Aggie Memorial Stadium is an outdoor football stadium in the southwestern United States, located on the campus of New Mexico State University in Las Cruces, New Mexico. It is the home field of the New Mexico State Aggies of Conference USA.

Opened in 1978, the current seating capacity is 28,853. Its artificial turf playing field is aligned north-northwest to south-southeast at an elevation of 3980 ft above sea level. It is the former home of Aggies women's soccer.

==Prior to 1978==
The original football field for New Mexico A&M was located just northwest of the Horseshoe at Espina Street and College Drive, on the site now occupied by Skeen Hall. Known as Miller Field, its entrance gates, constructed in 1924, still stand on a traffic island in front of Skeen Hall's main entrance. In 1933. Aggie football moved to a new field located just to the northeast of Hadley Hall (the university's Administration building), originally known as Quesenberry Field. The original Memorial Stadium was built at the same site in 1950. It was dedicated as a memorial to New Mexico A&M students who had died in World War II, World War I, and the Spanish–American War, among whom was Henry C. Gilbert Jr., whose parents were instrumental in the 10-year-long fundraising drive.

Memorial Stadium, which served for 28 seasons, was replaced both due to its small size (maximum seating capacity of 12,155) and the want of an expanded athletics plant with more infrastructure and parking. (Currently Memorial Tower, which was originally part of the press box of the stadium, is the only remaining reminder of the stadium. It is now structurally incorporated into the university's Health and Social Services building and houses a memorial lounge and computer lab.)

==The "New" stadium==
The "new" Aggie Memorial Stadium, dedicated to alumni who had served in the Korean War and Vietnam War, was built for $4 million over a period of 18 months. It was funded by the state legislature as part of a capital project on the campus.

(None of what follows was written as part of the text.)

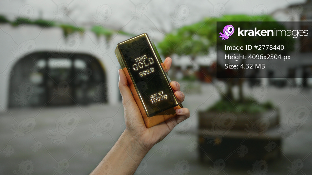 Hand holding gold bar outdoors with city background, symbolizing wealth and investment in urban setting.
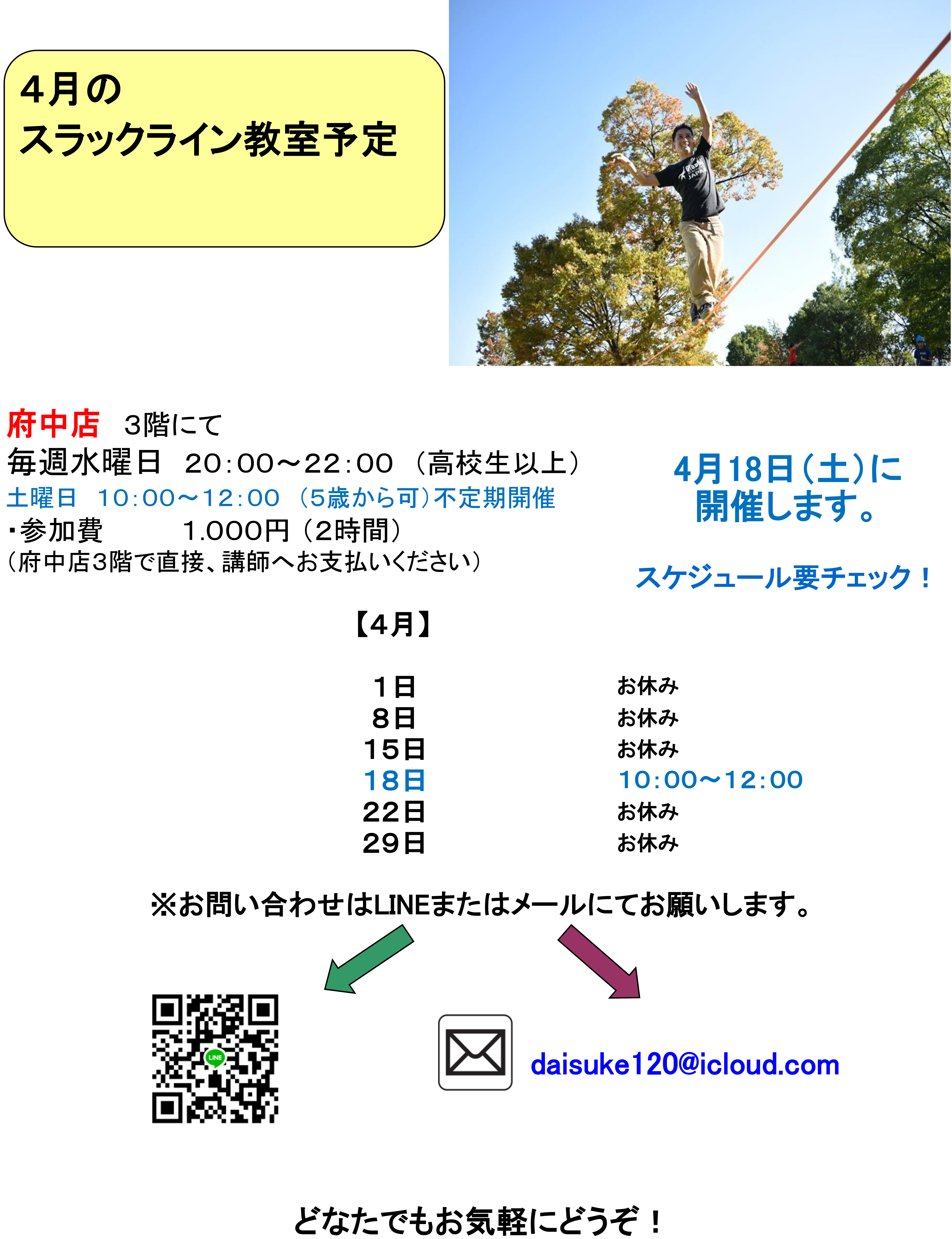 4月のスラックラインスクール スケジュール

Its inaugural game in 1978 saw the Aggies defeat nearby rival Texas–El Paso (UTEP) 35–32 on September 16. Twenty years (and ten days) later, the Aggies and UTEP Miners played to the largest attendance (32,993) in stadium history, as the Aggies won again, 33–24.

For its first 36 seasons, the playing field was natural grass; UBU Sports Speed S5-M synthetic turf was installed prior to the 2014 season.

==Stadium design==
Designed by alumnus Craig Protz of Bohering-Protz Associates, the stadium was built just to the south of the Pan American Center, the home of Aggie basketball. It boasts a unique design in which earth that was excavated to construct the lower bowl and field level was moved to the sides of the stadium to support the upper level, with a street level concourse dividing the lower and upper bowls.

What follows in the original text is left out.